5 Critical Considerations When Evaluating a Payments Processor
Navigating change is a survival skill in payments. Rapid adoption of new technology is changing the behavior of today’s consumers. They’re opting for more personalized solutions that remove friction and add value, speed, and convenience. For issuers, remaining static is deadly given the sheer volume of consumer choices that exist today. They must move quickly and sharpen focus on the customer experience—and do so with agility, scalability, and confidence.
Payments processing sits on the critical path to capturing revenue opportunities. The problem is, many traditional payments processing solutions are built on decades-old legacy technology never designed for today’s market needs. Hard coding is required to make even small changes, increasing costs and creating lengthy program implementation times. New providers, while offering more modern cloud-based solutions, don’t have the proven reliability and depth of experience required to demonstrate sustainable success. As such, card issuers, FinTechs, brands, and governments looking to remain their customers’ trusted brand of choice have to pick a card processing vendor wisely.
Importantly, technology can’t be the only consideration. You need to look deeper. Below are five critical factors to evaluate when selecting a payments processing partner:
- Speed-to-Revenue capabilities. How quickly can the card processor have a new program or feature in the market? The answers of months and years may have gotten you by in the past, but consumers have no time to wait – they’ll simply go somewhere else. Rapid deployment of a new feature or program in 60 days or less is required for issuers that desire a first-mover designation, or early-adopter reputation. Look for a payments processor with a complete SaaS solution versus inflexible legacy COBOL programming. A processor that puts the controls in your hands puts you on a fast track to revenue.

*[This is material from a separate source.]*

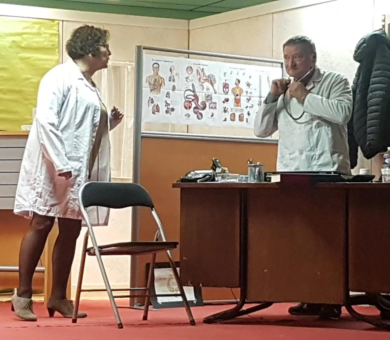 Après l’entracte, la seconde partie avec une comédie de Jean-Jacques Langouët, « Docteur Gemal ». Des patients plus atypiques les uns que les autres sont en consultation dans le cabinet du docteur Gemal à qui il faut bien du courage pour faire face à autant de situations inattendues.

- Reliability. Payments processing platforms can only make money when they are available. While industry standards call for platforms to be available 99.9% of the time, an issuer must demand better. Every one-hundredth of a percent equates to roughly 7 additional hours of uptime each year. Use your monthly revenue run rate to determine how much revenue is at risk working with a payments processor who provides 99.9% versus one that guarantees 99.99%.

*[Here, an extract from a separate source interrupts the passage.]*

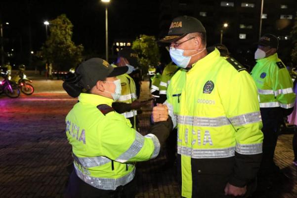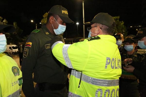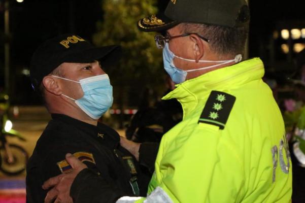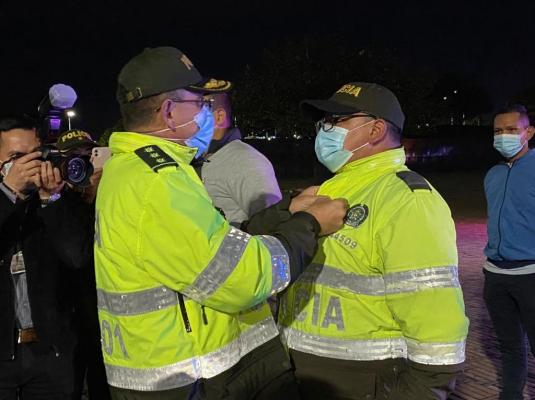 El Director General de la Policía Nacional, general Jorge Luis Vargas, junto al comandante de la Policía Metropolitana de Bogotá, general Eliécer Camacho, condecoró a los policías que estuvieron a punto de ser quemados vivos dentro del CAI Aurora, en el sur de Bogotá.
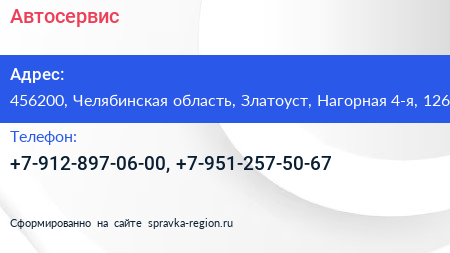 Автосервис по адресу 456200, Челябинская область, Златоуст, Нагорная 4-я, 126 в дальнейшем Организация, размещена в следующих категориях:

- Redundancy and security. Does your provider own their own data processing centers, or do they outsource them? How many centers do they have? Do they own their own IP addresses? How many copies are produced from each transaction that flows through the system? How many employees are there to cover critical functions 24/7/365? The answers to these questions will paint a clear picture that either provides you confidence or raises more concerns.
- Audited processes. Everyone says they are compliant but who verifies it? Your payments processor or potential processor should be able to demonstrate key industry attestations. SOC 1 and 2, SSAE 18, ISO 27001, and PCI DSS are all certifications you should look for in a payments processor. Additionally, beyond the specific certifications, what firm is behind its issuance? For example, is it a repeatable name like Ernst & Young or TrustWave, or is it through a firm you’ve not heard of?
- Management team. Finally, what is the management team’s operating philosophy? What’s the depth of the team? The management team’s vision and direction set the tone for how the company operates, which trickles down to how issues are resolved, escalations are handled, and perhaps most meaningful, how customers are treated and supported.
Finding the right payments processor is a critical step to maximizing your payments program whether it is a debit, credit, prepaid, or credit program. The right partner should provide a secure and reliable platform that will help you get to market faster with innovative customer-focused new features and products that drive revenue and profitability.